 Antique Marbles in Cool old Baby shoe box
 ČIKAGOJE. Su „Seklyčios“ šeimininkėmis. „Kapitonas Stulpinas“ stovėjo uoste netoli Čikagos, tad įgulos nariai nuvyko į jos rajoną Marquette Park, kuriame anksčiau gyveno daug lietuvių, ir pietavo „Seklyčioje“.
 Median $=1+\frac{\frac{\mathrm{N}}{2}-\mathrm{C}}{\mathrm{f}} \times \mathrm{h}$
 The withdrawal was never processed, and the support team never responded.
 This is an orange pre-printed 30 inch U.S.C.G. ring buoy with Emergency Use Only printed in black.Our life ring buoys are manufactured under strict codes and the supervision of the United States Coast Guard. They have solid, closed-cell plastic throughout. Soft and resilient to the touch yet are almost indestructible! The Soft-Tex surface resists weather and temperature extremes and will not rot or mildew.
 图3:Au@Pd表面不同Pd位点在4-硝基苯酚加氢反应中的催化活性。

-----

## Task
Write the material above out in full, exactly as it reads.

## Response area
 Antique Marbles in Cool old Baby shoe box
 ČIKAGOJE. Su „Seklyčios“ šeimininkėmis. „Kapitonas Stulpinas“ stovėjo uoste netoli Čikagos, tad įgulos nariai nuvyko į jos rajoną Marquette Park, kuriame anksčiau gyveno daug lietuvių, ir pietavo „Seklyčioje“.
 Median $=1+\frac{\frac{\mathrm{N}}{2}-\mathrm{C}}{\mathrm{f}} \times \mathrm{h}$
 The withdrawal was never processed, and the support team never responded.
 This is an orange pre-printed 30 inch U.S.C.G. ring buoy with Emergency Use Only printed in black.Our life ring buoys are manufactured under strict codes and the supervision of the United States Coast Guard. They have solid, closed-cell plastic throughout. Soft and resilient to the touch yet are almost indestructible! The Soft-Tex surface resists weather and temperature extremes and will not rot or mildew.
 图3:Au@Pd表面不同Pd位点在4-硝基苯酚加氢反应中的催化活性。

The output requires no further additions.